4. The method of claim 3, wherein the first real-time pose comprises a first real-time position;

the re-centering process is performed on the first real-time pose set and the first reconstruction pose set respectively to obtain a second real-time pose set and a second reconstruction pose set, including:

determining a first center position of a center point of the first real-time pose set according to the N first real-time positions;

processing each first real-time position according to the first center position to obtain a second real-time pose set comprising N second real-time positions;

determining a second center position of a center point of the first reconstruction pose set according to the N first reconstruction positions;

and processing each first reconstruction position according to the second center position to obtain a second reconstruction pose set comprising N second reconstruction positions.

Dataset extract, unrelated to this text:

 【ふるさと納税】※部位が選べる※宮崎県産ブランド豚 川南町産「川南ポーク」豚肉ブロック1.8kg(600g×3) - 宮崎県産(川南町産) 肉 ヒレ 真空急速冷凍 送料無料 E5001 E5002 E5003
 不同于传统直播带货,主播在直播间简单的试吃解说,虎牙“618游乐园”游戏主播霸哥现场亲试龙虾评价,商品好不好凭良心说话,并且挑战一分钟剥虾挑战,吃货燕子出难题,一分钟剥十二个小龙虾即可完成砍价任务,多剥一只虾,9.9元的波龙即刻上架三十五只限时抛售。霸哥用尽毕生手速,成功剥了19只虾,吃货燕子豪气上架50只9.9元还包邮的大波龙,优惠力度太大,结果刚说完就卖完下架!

5. The method of claim 4, wherein the determining a scaling relationship between the second set of real-time poses and the second set of reconstructed poses comprises:

Determining a first distance between each of the second real-time locations and the first central location;

accumulating each first distance to obtain the sum of the first distances;

determining a second distance between each of the second reconstruction locations and the second center location;

accumulating each second distance to obtain the sum of the second distances;

and determining the scale transformation relation according to the sum of the first distances and the sum of the second distances.

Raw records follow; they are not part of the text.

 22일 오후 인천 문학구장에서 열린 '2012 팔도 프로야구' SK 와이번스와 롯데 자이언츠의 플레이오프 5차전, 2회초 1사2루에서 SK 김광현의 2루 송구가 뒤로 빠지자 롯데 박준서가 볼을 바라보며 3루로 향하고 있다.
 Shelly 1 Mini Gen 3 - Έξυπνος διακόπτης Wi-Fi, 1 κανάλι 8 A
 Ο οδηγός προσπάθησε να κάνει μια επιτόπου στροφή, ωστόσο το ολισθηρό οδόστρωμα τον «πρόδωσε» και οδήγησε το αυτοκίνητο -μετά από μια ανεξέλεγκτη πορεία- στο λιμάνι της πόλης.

6. The method of claim 1, wherein acquiring the first real-time pose comprises:

collecting acceleration and angular velocity of the electronic equipment through an inertial measurement unit on the electronic equipment;

acquiring a relative pose between the camera and the inertial measurement unit;

and determining the first real-time pose according to the acceleration, the angular velocity and the relative pose.

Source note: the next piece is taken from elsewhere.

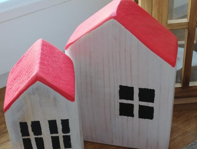 Domečky jsou jen lehce opracované, dřevo má různé nerovnosti, které jsem nechala. Nátěr je provedený akrylovou barvou. Domečky nejsou ošetřeny žádným lakem ani jiným nátěrem, proto nedoporučuju umístění venku.
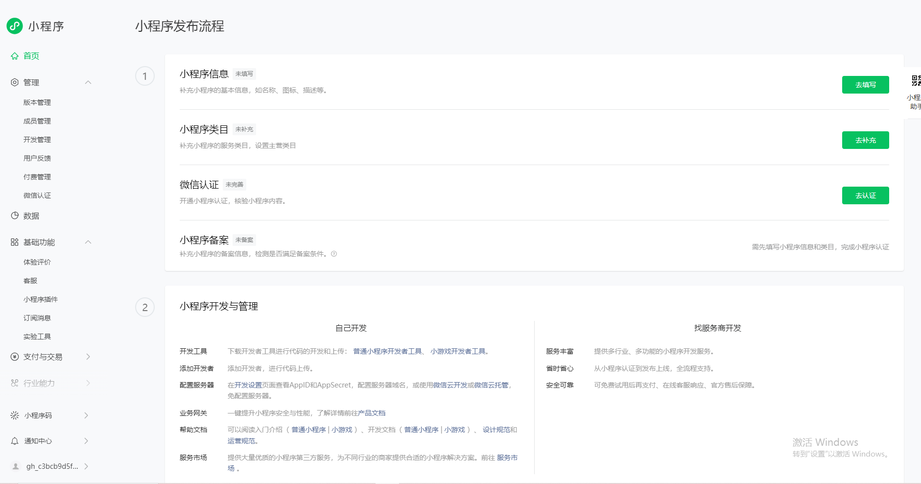 注册小程序绑定了公司的邮箱,但是领导说不做小程序了,改成公众号,继续使用公司邮箱,但是我没有找到更改邮箱绑定和注销邮箱的页面,上网搜说是在设置里,我现在的页面连设置都没有

7. An image processing apparatus, comprising:

the image acquisition module is used for acquiring N frames of sample images in a physical scene, wherein N is an integer greater than 0;

the pose acquisition module is used for acquiring a first real-time pose set, wherein the first real-time pose set comprises a first real-time pose of the image acquisition module in the real physical scene when acquiring each frame of the sample image;

The three-dimensional reconstruction module is used for carrying out three-dimensional reconstruction according to the N frames of sample images to obtain an initial point cloud and a first reconstruction pose set; the first reconstruction pose set comprises a first reconstruction pose of the image acquisition module corresponding to each sample image; the first reconstruction pose comprises a first reconstruction position and a first reconstruction pose;

the map transformation module is used for performing scale transformation on at least the initial point cloud according to the pose transformation relation between the first real-time pose set and the first reconstruction pose set to obtain a target point cloud;

the pose transformation module is used for transforming each first reconstruction position according to the pose transformation relation to obtain a third reconstruction position; transforming each first reconstruction gesture according to the rotation relation in the gesture transformation relation to obtain a corresponding second reconstruction gesture;

and the data adding module is used for adding each third reconstruction position, the corresponding second reconstruction gesture and the sample image into the target point cloud as a set of data.

8. An electronic device comprising a memory and a processor, the memory storing a computer program executable on the processor, characterized in that the processor implements the steps of the image processing method of any of claims 1 to 6 when the program is executed.

9. A computer-readable storage medium, on which a computer program is stored, characterized in that the computer program, when being executed by a processor, implements the steps of the image processing method of any one of claims 1 to 6.